Having just read Dispatches, the stoned, stream-of-consciousness prose poetry of Michael Herr’s classic account of his time covering Vietnam War, the detached, lucid prose of this book initially seemed a bit flat. But it perfectly suits the laconic, understated attitude McCullin brings to the varied and intense subject matter – whether it’s massacres in Africa or meeting the Beatles or the unlikely friendship he once struck up with Earl Montgomery.
Trips to war zones are covered in a few pages, insights dealt with in one or two pithy sentences. The battle of Khe Sanh in Vietnam takes up 60 pages of Herr’s book but gets just two paragraphs here – but it feels enough. There’s little fat, very little to come between you and the many highlights of McCullin’s extraordinarily long and colourful life. Which makes this a hugely enjoyable and absorbing book.
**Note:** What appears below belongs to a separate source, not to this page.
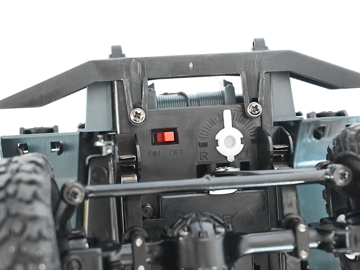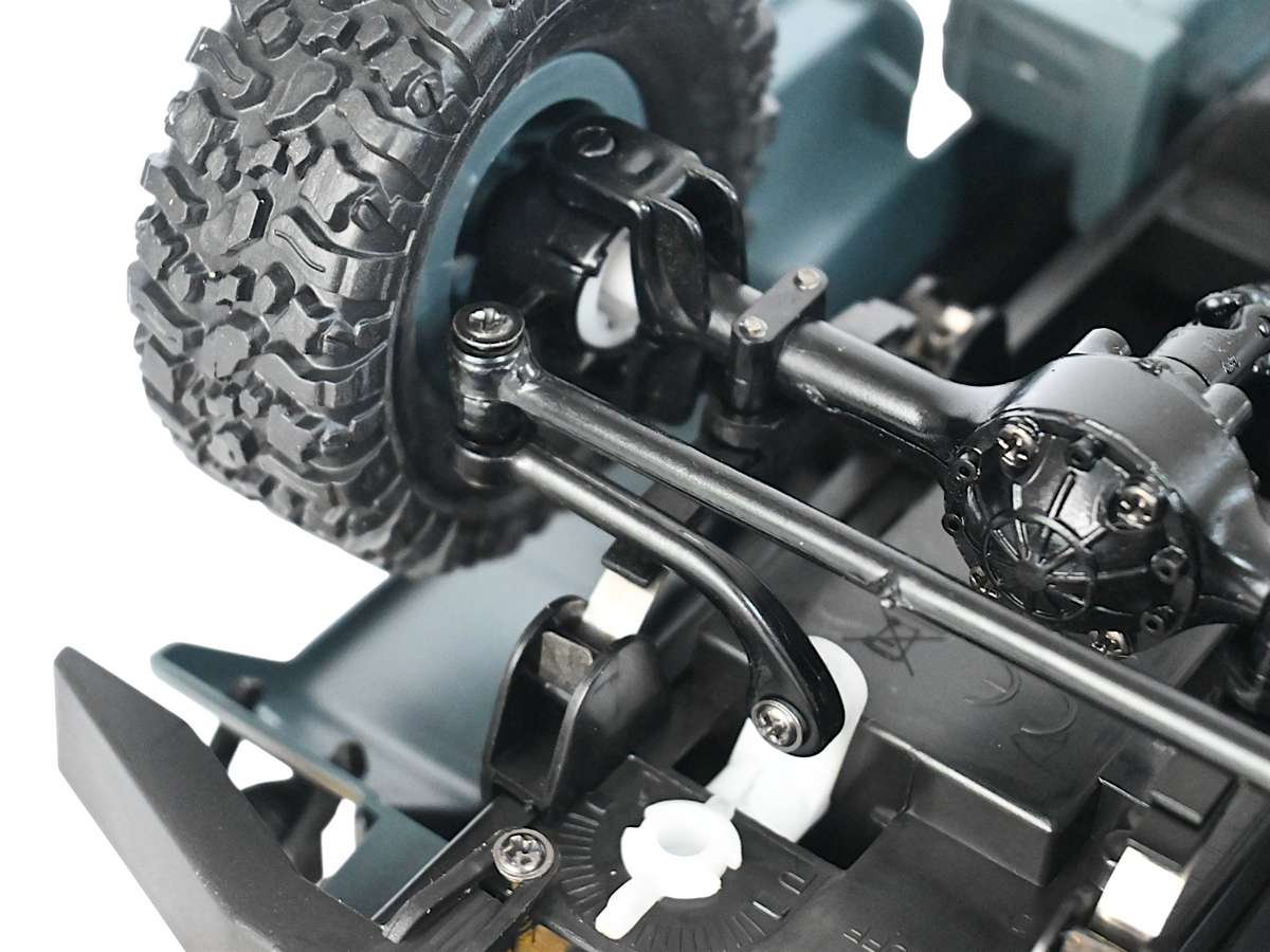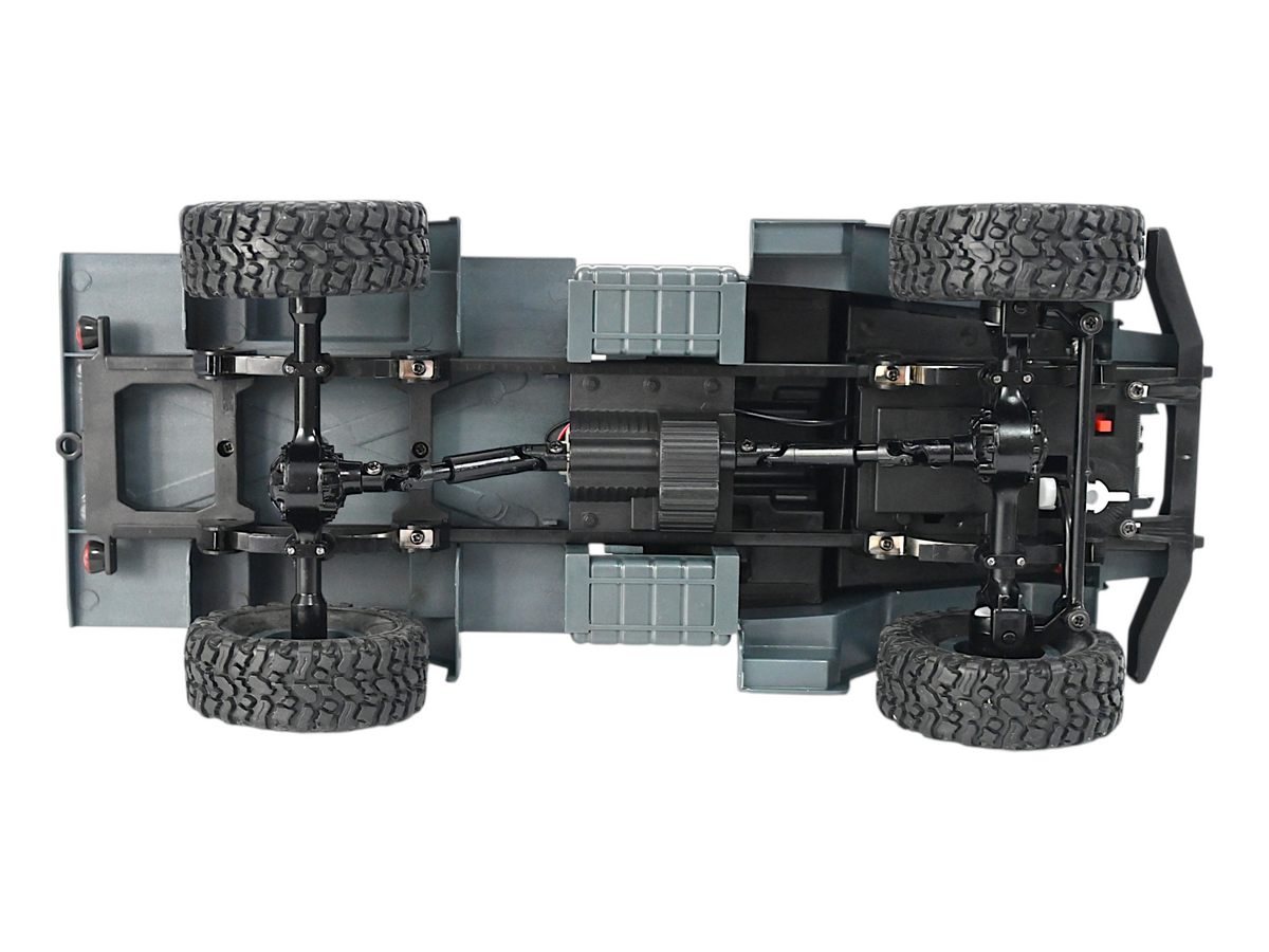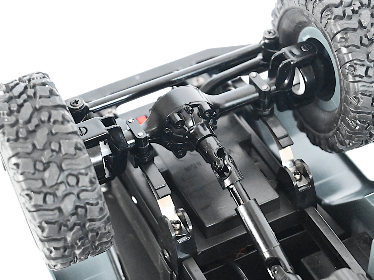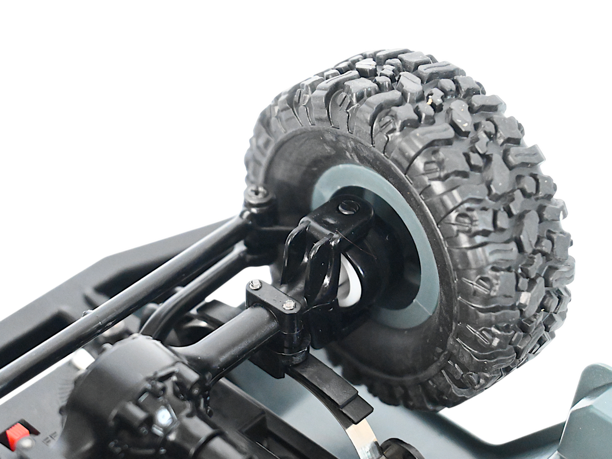Радиоуправляемый грузовик имеет полный карданный привод и дифференциалы. Мосты установлены на металлических рессорах, что позволяет комфортно перевозить различные предметы по неровной дороге. Колеса с мягкими резиновыми шинами с агрессивным протектором позволяют миниатюрному грузовику без проблем преодолевать бездорожье.
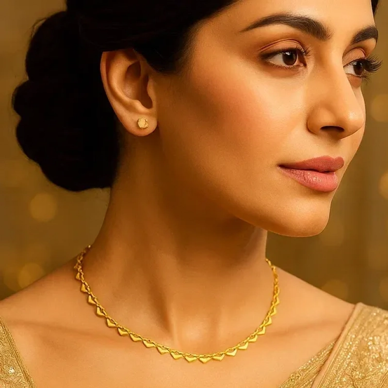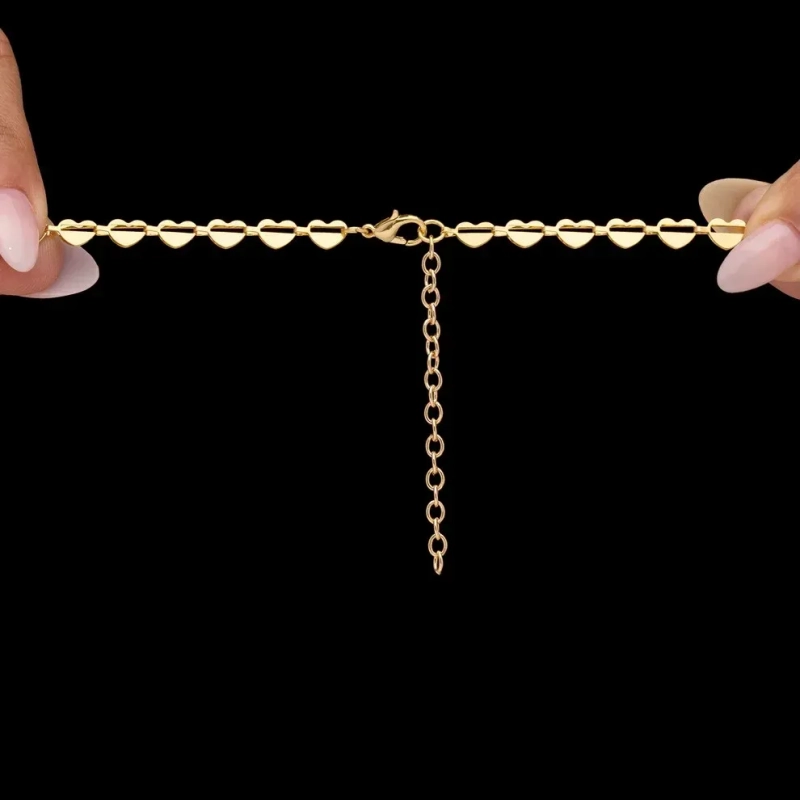 A necklace that feels like a love letter in gold — each heart-shaped link delicately crafted, each curve whispering stories of grace and devotion. The fine chain glimmers with every movement, catching the light in a way that feels soft, subtle, and endlessly elegant. Designed for both beauty and comfort, the lightweight yet sturdy links drape effortlessly along the neckline. Its timeless design makes it the perfect companion — whether you wear it solo for a minimal statement or layer it for a touch of modern romance. More than jewellery, it’s a keepsake of affection — an ideal gift for someone close to your heart or a personal treasure to carry love with you, always

(By his own account McCullin suffers from severe dyslexia – as a result he didn’t passed any exams, has never liked reading and so, presumably, a great deal of credit for shaping this consistently spare, flat but very focused prose must go to the book’s co-author, Lewis Chester.)
Here’s an example, almost at random, of the book’s clipped, spare prose which is, nonetheless, gripping because it focuses so precisely on the relevant information and detail of the extreme events it describes. It’s January 1968 and McCullin is in Vietnam covering the Tet Offensive.
Under a heavy overcast sky, I joined the convoy of the Fifth Marine Commando as it started rolling up to Hue. It ploughed through heavy mud and rain, past houses collapsed and pitted by artillery, and columns of fleeing refugees. It was very cold. (p.116)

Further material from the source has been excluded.